──────── RECORDS PROVIDED ────────

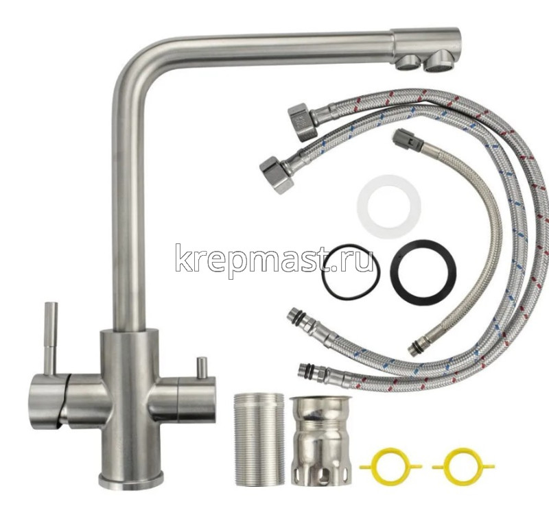 Смеситель для кухни MAGNUS 91122 с Г образным гусаком для питьевой воды -стильный одноручковый смеситель для кухни из нержавеющей стали с высоким изливом прекрасно подойдет для мойки любого размера.
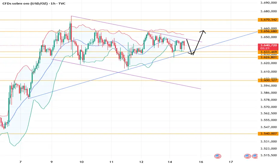 Gráfico de 1 Hora: Resistencia: 3647, Soporte: 3633
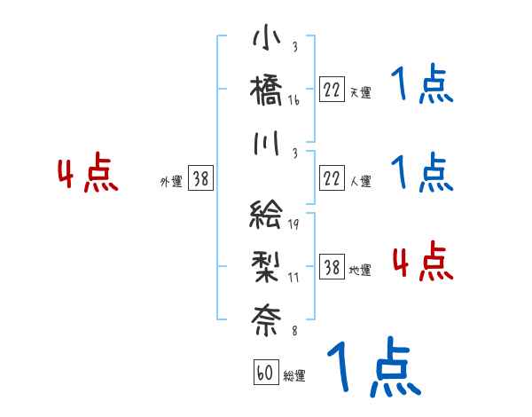 人運![]() | 小橋川絵梨奈さんの人運は22画の1つ星!努力することが苦手ないっぽう手先が器用。芸術性にも優れる。 性格や才能などを表す2番目に重要な運勢です。人間関係や協調性、社会的な成功に影響します。主に20歳から50歳ぐらいまでの中年期の運勢を表します。 |
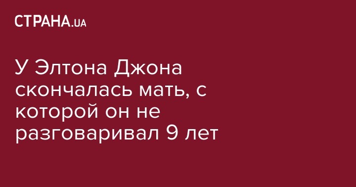 У Элтона Джона скончалась мать, с которой он не разговаривал 9 лет
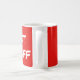 Caneca vermelha com as palavras "digno de nota" em um lado.
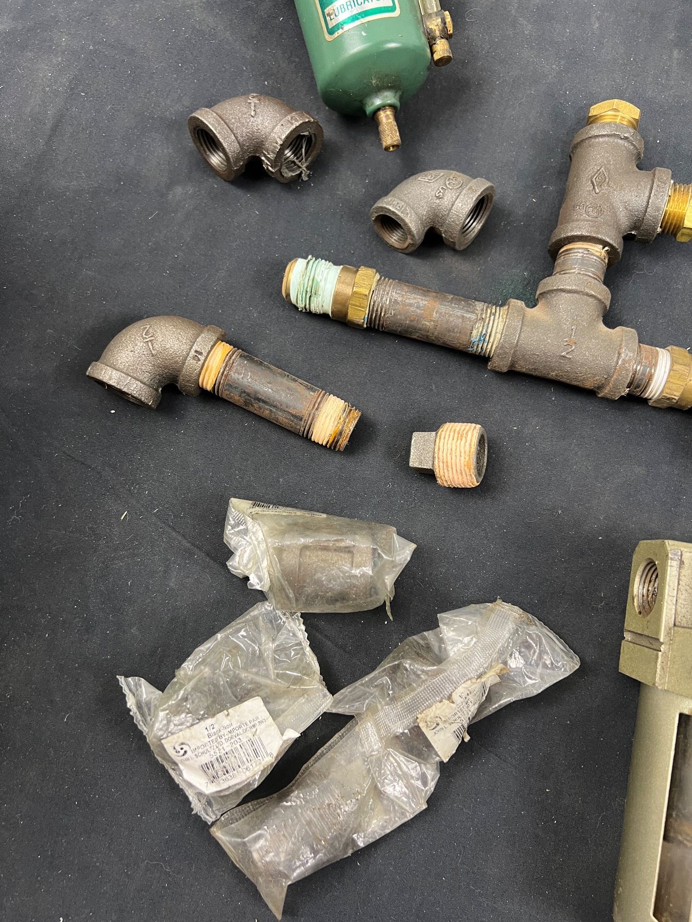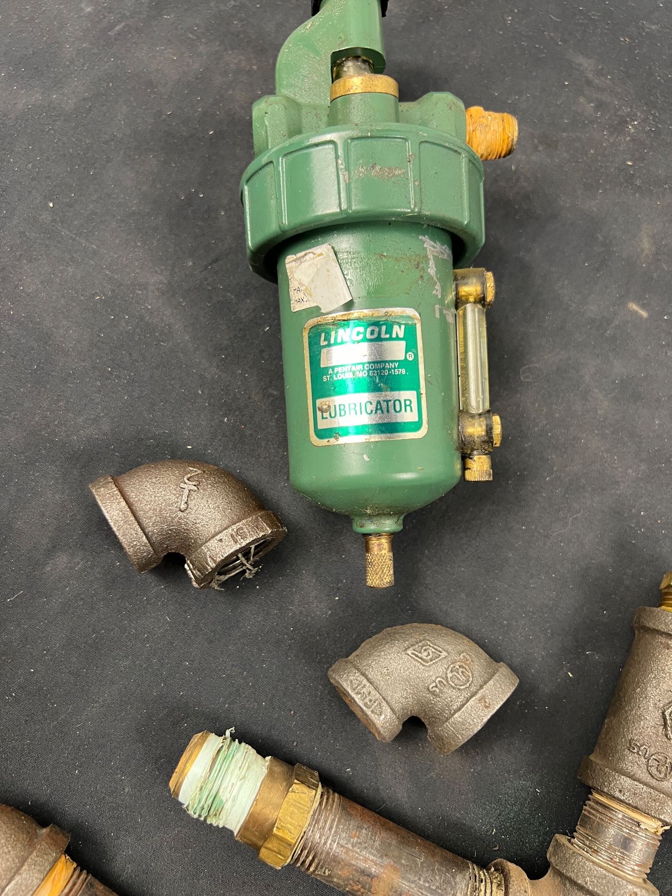 Includes 1/2" Black Pipe Tees, Nipples, Coupling, Air Filter, Lincoln Lubricator & Air Regulators
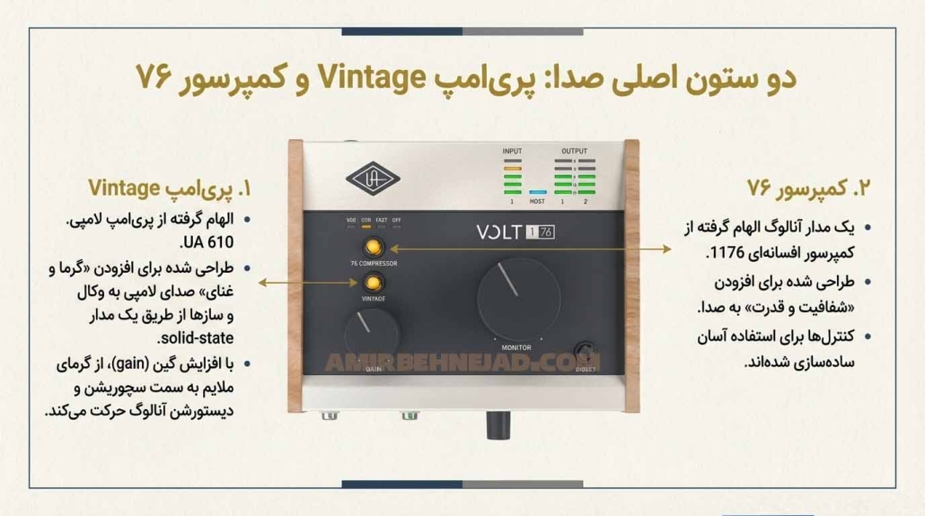 - اما اگر هدف نهایی شما این است که صدای وکال شما از همان لحظه ضبط، دارای کاراکتر، گرما (Vintage 610) و کنترل داینامیک حرفهای (آنالوگ ۷۶) باشد و فقط به یک ورودی با بالاترین کیفیت نیاز دارید، Volt 176 بدون رقیب است. این کارت صدا به شما اجازه میدهد که صدای “آلبوم-آماده” را مستقیماً به نرمافزار خود پرینت بگیرید، کاری که در این رده قیمت توسط هیچ کارت صدای دیگری انجام نمیشود.

────────

PROBLEM TO SOLVE: Only the lines from the one containing "人運![]() | 小橋川絵梨奈さんの人運は22画の1つ星!努力することが苦手ないっぽう手先が器用。芸術性にも優れる。" through the end of the records should be copied, exactly and with both ends included; the pictures should not.

ANSWER TO THIS EXERCISE:
 人運![]() | 小橋川絵梨奈さんの人運は22画の1つ星!努力することが苦手ないっぽう手先が器用。芸術性にも優れる。 性格や才能などを表す2番目に重要な運勢です。人間関係や協調性、社会的な成功に影響します。主に20歳から50歳ぐらいまでの中年期の運勢を表します。 |
 У Элтона Джона скончалась мать, с которой он не разговаривал 9 лет
 Caneca vermelha com as palavras "digno de nota" em um lado.
 Includes 1/2" Black Pipe Tees, Nipples, Coupling, Air Filter, Lincoln Lubricator & Air Regulators
 - اما اگر هدف نهایی شما این است که صدای وکال شما از همان لحظه ضبط، دارای کاراکتر، گرما (Vintage 610) و کنترل داینامیک حرفهای (آنالوگ ۷۶) باشد و فقط به یک ورودی با بالاترین کیفیت نیاز دارید، Volt 176 بدون رقیب است. این کارت صدا به شما اجازه میدهد که صدای “آلبوم-آماده” را مستقیماً به نرمافزار خود پرینت بگیرید، کاری که در این رده قیمت توسط هیچ کارت صدای دیگری انجام نمیشود.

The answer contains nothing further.